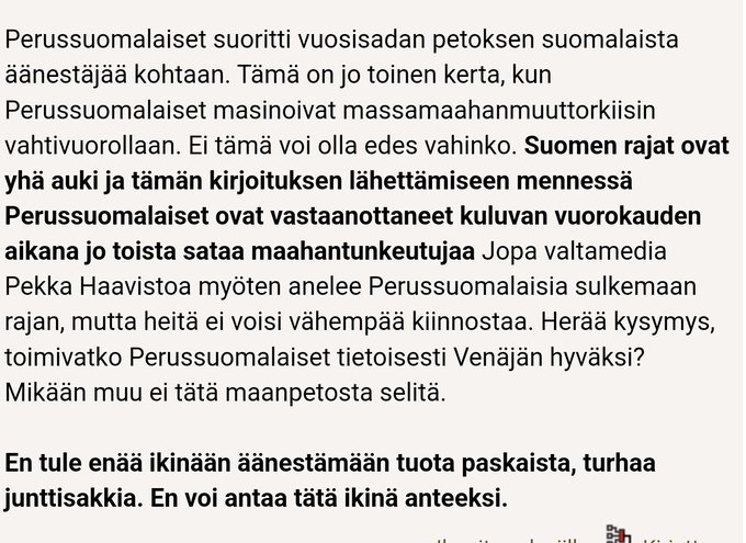 Älähän valehtele.. jos sanna marinin fiaskohallituksen lakiesitys olisi sellaisenaan mennyt läpi niin itärajaa ei olisi voitu sulkea ollenkaan.silloinen oppositio persut ja kokoomus saivat lisättyä pykälän jolla itäraja on mahdollista sulkea. Rajalaki pykälä 16
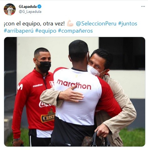De hecho, el propio Gianluca Lapadula lo compartió en sus redes. “¡Con el equipo, otra vez!”, escribió taggeando a la Selección Peruana y con los siguientes hashtags #juntos #arribaperú #equipo #compañeros.
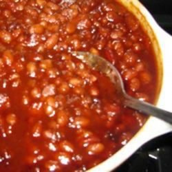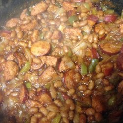 2In a Dutch oven, combine the baked beans, onion, bell pepper, and sausage. Season with chili powder, Worcestershire sauce, vinegar, brown sugar, ketchup, garlic powder and salt. Add a dash of cayenne if desired.

###

» **Prompt**
The required output is every line from the one containing "De hecho, el" through the last line of the data above, restated exactly and without pictures.

» **Answer section**
De hecho, el propio Gianluca Lapadula lo compartió en sus redes. “¡Con el equipo, otra vez!”, escribió taggeando a la Selección Peruana y con los siguientes hashtags #juntos #arribaperú #equipo #compañeros.
 2In a Dutch oven, combine the baked beans, onion, bell pepper, and sausage. Season with chili powder, Worcestershire sauce, vinegar, brown sugar, ketchup, garlic powder and salt. Add a dash of cayenne if desired.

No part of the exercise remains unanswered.